British Vogue, has finally done something about it. Turns out Alexandra Shulman is sick and tired (as we all are) of skinny models, and wants to bury the skeletons where they belong, according to The Daily Mail. See, it goes like this. Prada, Gucci, Galliano (bless his tarnished clothes), Giorgio Armani and all those powerhouses of fashion, put up from four to eight fashion shows a year. After the shows, the models are stripped from the clothes, and those garments are sent over to magazines for photo shoots and to promote the collections. The thing is that Mrs. Shulman complains clothes are so tiny no regular model fits into them. What do you do when a designer pisses you off? Well, you don’t vandalize their stores. You send an angry letter. And so she did, to all those immensely talented people, to call them off. And this fashionista believes she is right, very much.

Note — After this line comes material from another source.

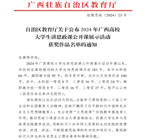 广西建院11月28日讯(马克思主义学院 宋佳雄)近日,自治区教育厅公布了2024年广西高校大学生讲思政课公开课展示活动获奖名单。乐鱼全球最大体育平台_乐鱼(中国)马克思主义学院思政课教师蒙文艳、潘柳虹团队参评的作品《以我之青春描绘壮美之乡村》,李倩老师团队参评的作品《如何提高人民军队打赢能力—朝着实现党在新时代的强军目标奋勇前进》均荣获高职高专组一等奖。据悉,此次评选活动是全面学习贯彻党的二十届三中全会和全国教育大会精神,坚持不懈用习近平新时代中国特色社会主义思想铸魂育人的重要举措。...

See, clothes are an aspirational realm. It’s fashion, it’s elegance, it’s style. But it’s not death, and bulimia and anorexia bring that, eventually. Amazing gowns will be amazing gowns in a size 1 or a size 9, it’s the ideal, the cut, and the fabric that’s behind the magic. But forcing people to starve in order to get jobs is a terrible tactic. Of course there are exceptions, like Twiggy, whose skinny looks came natural, but there are others like Tyra who are voluptuous, and beautiful. So she needs to stop eating immediately?
What Mrs. Shulman has done for the industry is the last attempt to change it, from Fashion Week Madrid not allowing models with a body mass index of at least 18.5 to 25 to do catwalks, to hundreds of talk shows focusing on sick people looking for some self-esteem. I expect Alexandra’s voice to be heard (not very popular here, but a leader in the UK when it comes to trends and fashion). No matter how talented designers are, it’s true that couture comes smaller every time. I am a 5′8″ male and at 152lbs, I am an XL in Moschino! Yes indeed, I went shopping to El Palacio de Hierro (the Mexican equivalent to Saks) and. bam, I’m fat (or buff, but anyway). In conclusion, follow Shulman’s lead and don’t care for model sizes, because in my opinion, health will always come first.